The library, which library Director Amy Young described as “one bookend” of Ravenna’s historic downtown area, should have the same wide sidewalks she sees in front of other Main Street businesses.

“We would push the sidewalk out a little, and in our green space in front of the library we would add some barriers. We just want people to be able to sit on the historic stairs into the original section of our library, and maybe enjoy some of the outdoor music or sit and watch the Balloon-A-Fair parade go down the street,” she said.

As for the parking spaces, “They’re not used most of the time,” Young said. “They’re used about 1% of the time that they are open all day. We’ve been keeping track of who parks there, and how often, and presented those specifics to the city.
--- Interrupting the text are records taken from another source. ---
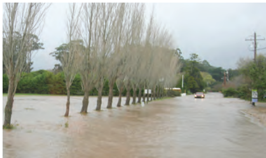
Without restoration, flooding on Olema-Bolinas Road will continue to worsen as sea levels rise.

Today, we are putting that vision into action and you can help! Residents, public agencies, local organizations, and other stakeholders are working together to restore habitats, protect wildlife, keep roads safe, and preserve the lagoon's stunning natural beauty. Numerous studies and ongoing monitoring of physical processes, habitat, and wildlife support these projects and help guide future planning.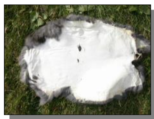
Cut-Up Grade: Back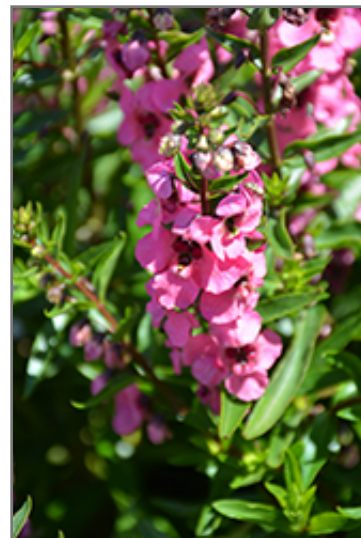
Serena Rose Angelonia flowers

Serena Rose Angelonia is recommended for the following landscape applications;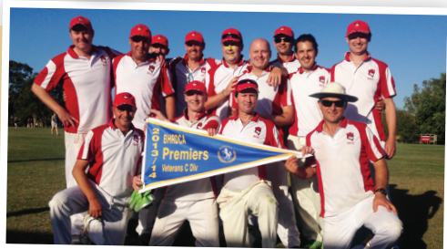
North Alphonington Cricket Club Premiers 2014.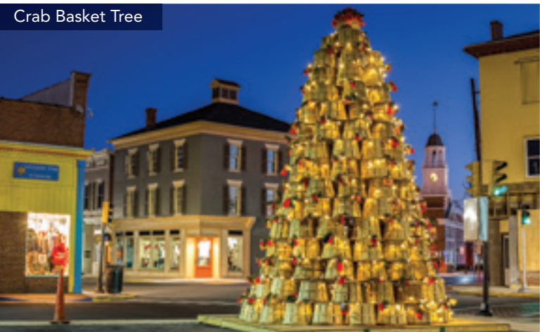
Crab Basket Tree

Vienna Luminaries and House Tours: 300-year-old town shares holiday glow with 1,500 luminaries, house tours, Santa, refreshments, music. Vienna. Dec. 16, 2017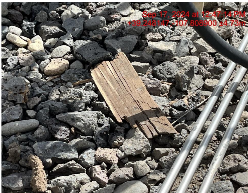
Debris - Photo #05773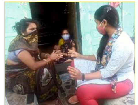
Speaking with slum families to find volunteers for the project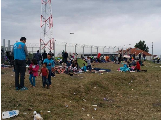
The number of asylum seekers arriving to the Serbian-Hungarian border is increasing, Horgoš (Serbia), ©HCIT, 18 April 2016

Only 60 refugees remained accommodated in the West: 22 in Adasevci and 38 in Sid (including some 25 AVR candidates, who still await transfer to more suitable accommodation) while Principovac transit site / Refugee Aid Point (RAP) became empty again when its last five residents departed.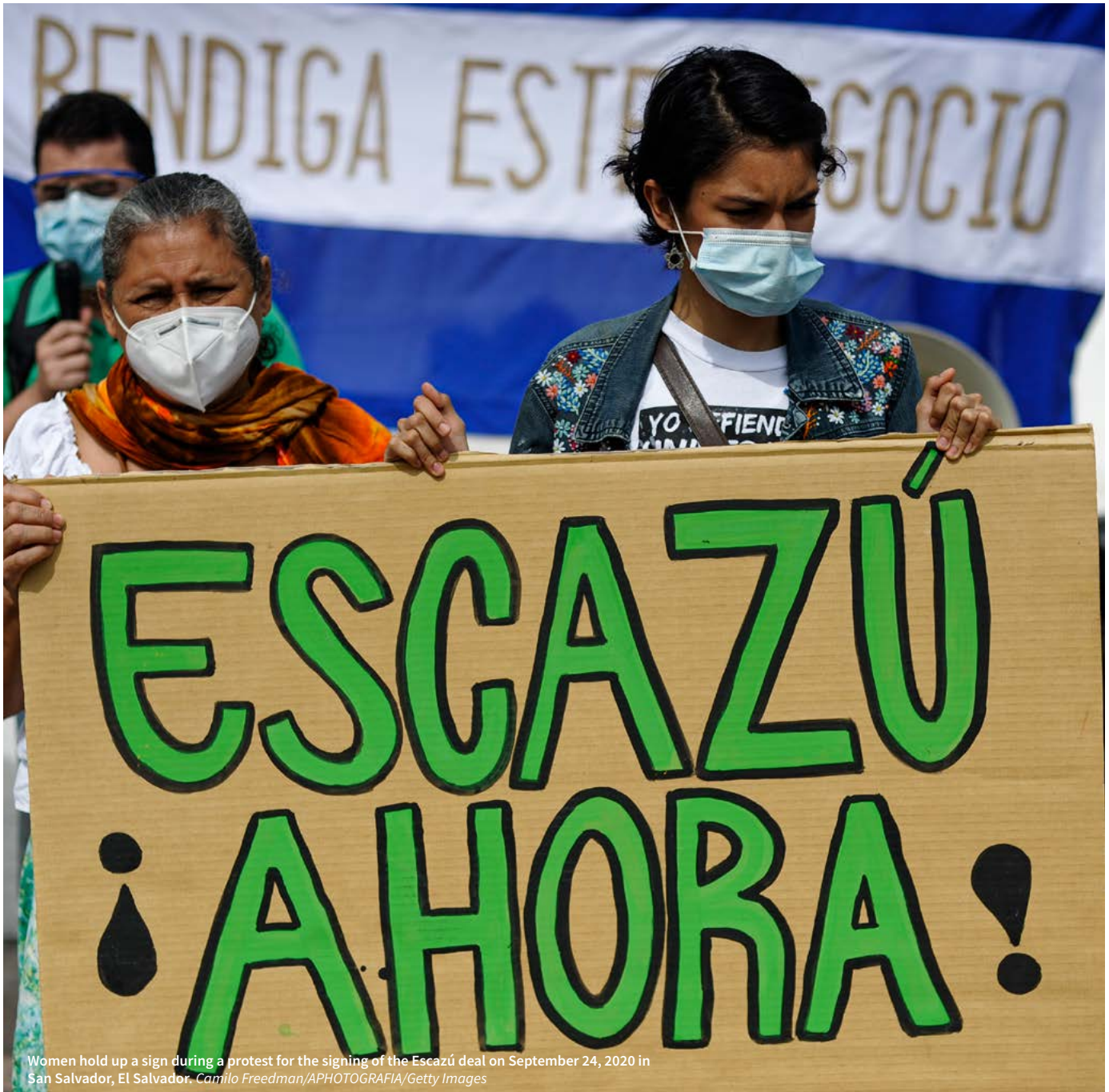
Women hold up a sign during a protest for the signing of the Escazú deal on September 24, 2020 in San Salvador, El Salvador.

In a promising development, on the 5th November Mexico became the 11th country to ratify the landmark Escazú Agreement for Latin America and the Caribbean – meaning it has now come into effect. The regional treaty sets out commitments for public participation in environmental management and standards for access to information and decision-making on environmental matters. Crucially, for the worst affected region it establishes legally binding commitments for protecting environmental defenders – the first time this has been included in an agreement of this kind.

They’re really not used.”

An expanded, friendlier front lawn adorned with benches would separate patrons and pedestrians from traffic, and would “help our patrons feel more connected to the rest of downtown where they could maybe walk down the street, grab a cup of coffee at Bean and the Baker, and grab a newspaper or magazine, and sit outside, and just enjoy the city, and feel like like a part of it,” Young said.

Plans for the back of the building include reconfiguring the parking lot so moving vehicles are separated from pedestrians. Young also envisions outdoor programming space with a covered shelter.

“Our goal is to revitalize the library and the neighborhood, celebrate the history of our building and our city, and add much needed programming space as we increase our services to the community,” Young said.

Should council decide not to nix the 10 parking spaces, other parts of the renovation project will proceed, she said.

City council first learned of the proposed renovation project in May 2022, when Matt Harper, chairman of council’s Streets and Sidewalks committee, met with library leadership. When council first heard the full proposal in August 2022, they apparently understood that the city was expected to finance the project.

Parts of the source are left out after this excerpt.